DATA EXCERPTS START

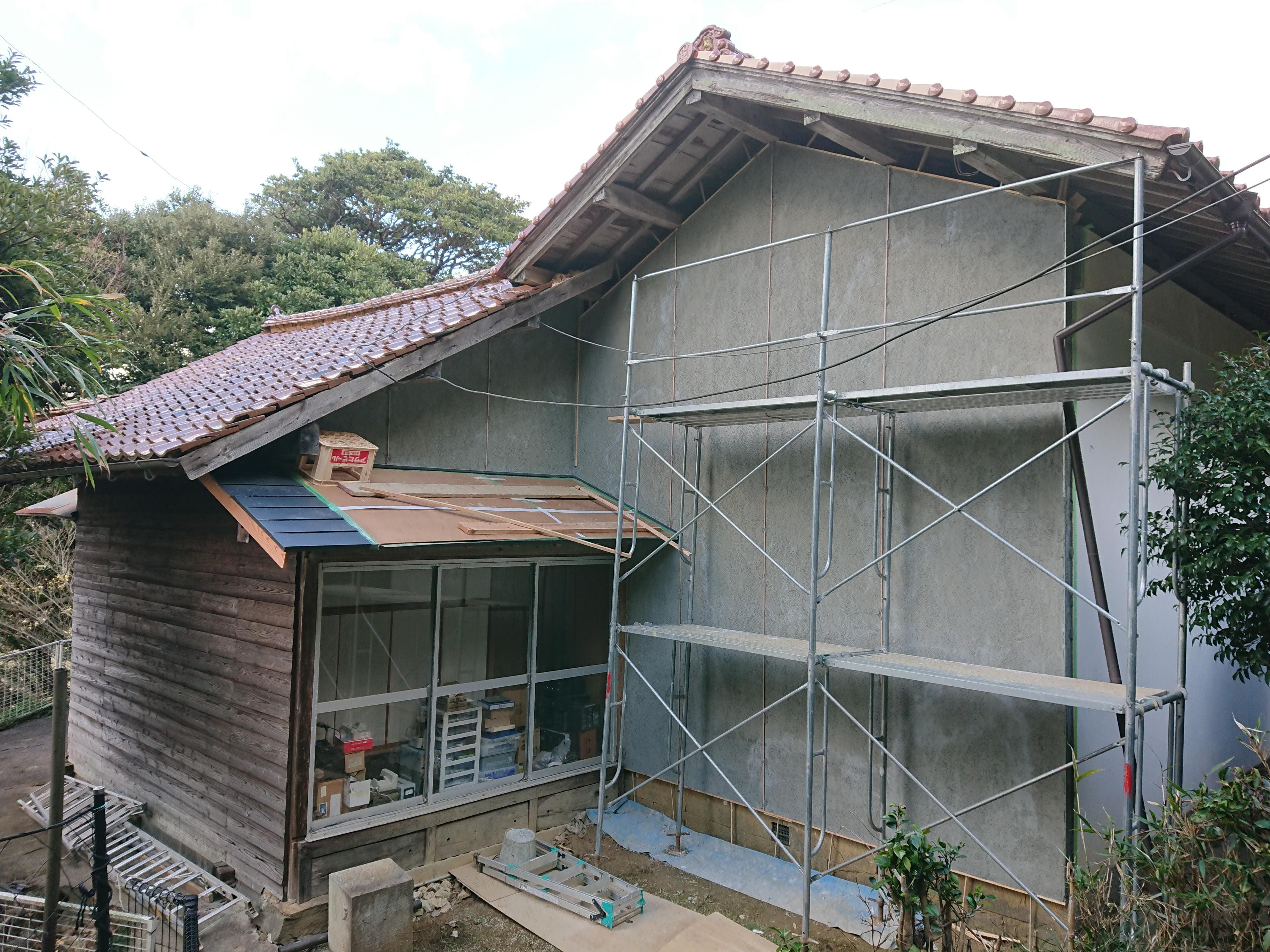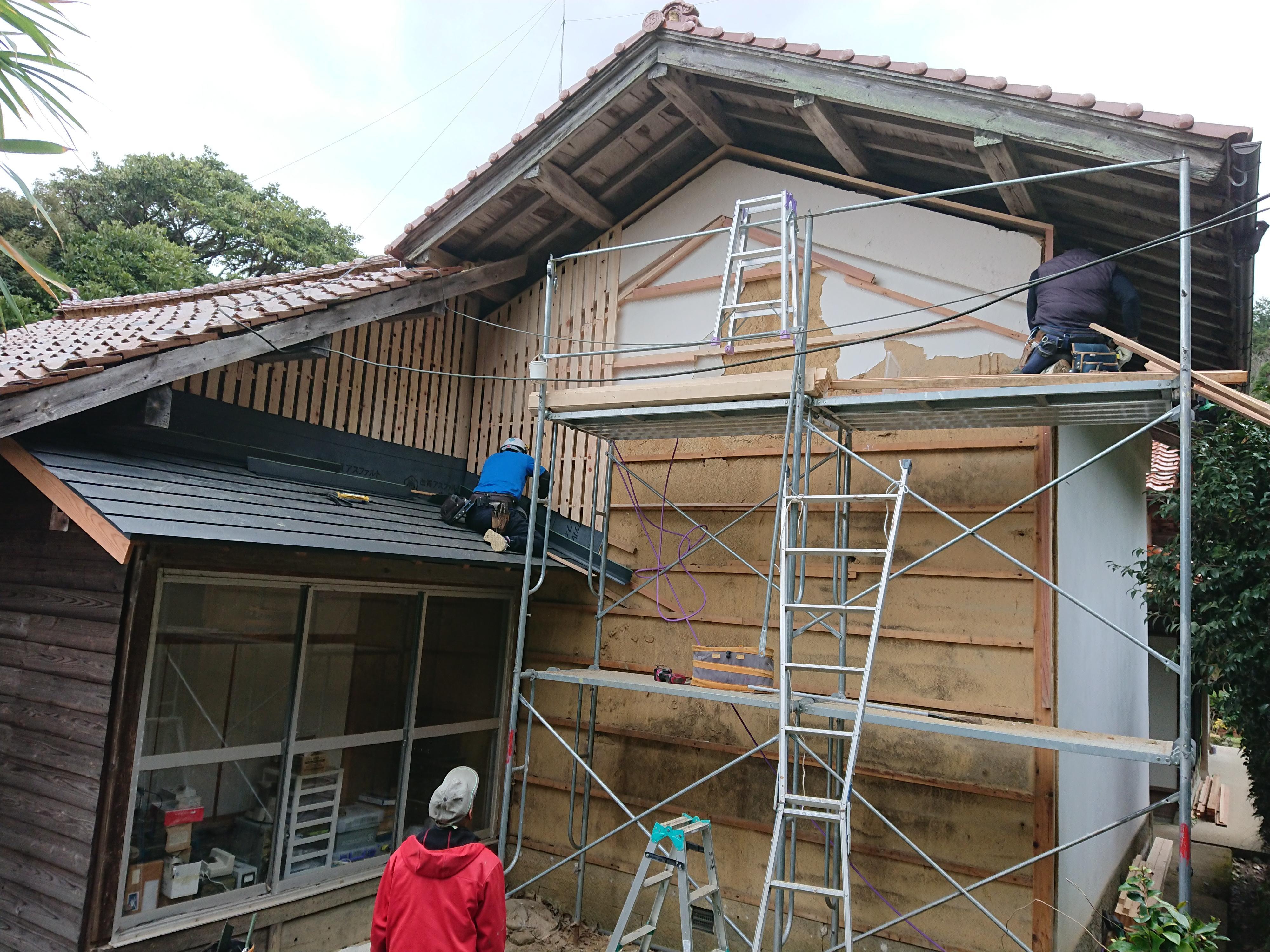 古くなった蔵の壁を、丈夫で耐久性のある壁へと改修致しました。 蔵に接する母屋部分の壁と屋根も合わせてお色直しをしました。
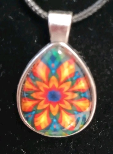 Mandala, Kaleidoscope Pendant Necklace 25mm Glass Cabochon,
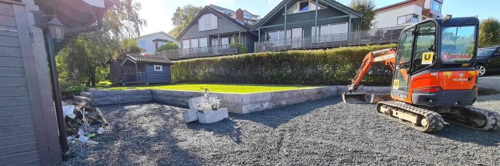 Vi kan hjelpe deg med støttemurer av naturstein, betongstein eller andre materialer, samt kantstein, belegningsstein, brostein, beplantning, jord bark og ferdigplen.
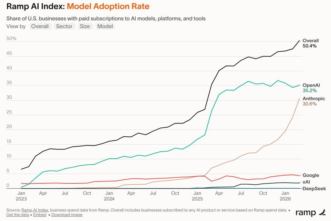 - 一年里 Ramp 上付费 Anthropic 的企业,从「25家里有1家」飙升到「4家里有1家」;
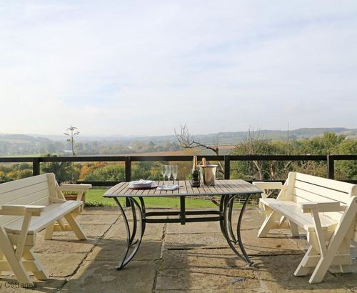 Norton Barn: sleeps 14, within 5 bedrooms, 3 family bath/shower-rooms, two floor living, open plan reception area with panoramic country views, large south facing terrace.

DATA EXCERPTS END

* PROBLEM TO WORK ON *
Nothing but an exact copy belongs in the answer: the lines from the top of the records through the line containing "Vi kan hjelpe", minus the pictures.

* WRITTEN SOLUTION *
 古くなった蔵の壁を、丈夫で耐久性のある壁へと改修致しました。 蔵に接する母屋部分の壁と屋根も合わせてお色直しをしました。
 Mandala, Kaleidoscope Pendant Necklace 25mm Glass Cabochon,
 Vi kan hjelpe deg med støttemurer av naturstein, betongstein eller andre materialer, samt kantstein, belegningsstein, brostein, beplantning, jord bark og ferdigplen.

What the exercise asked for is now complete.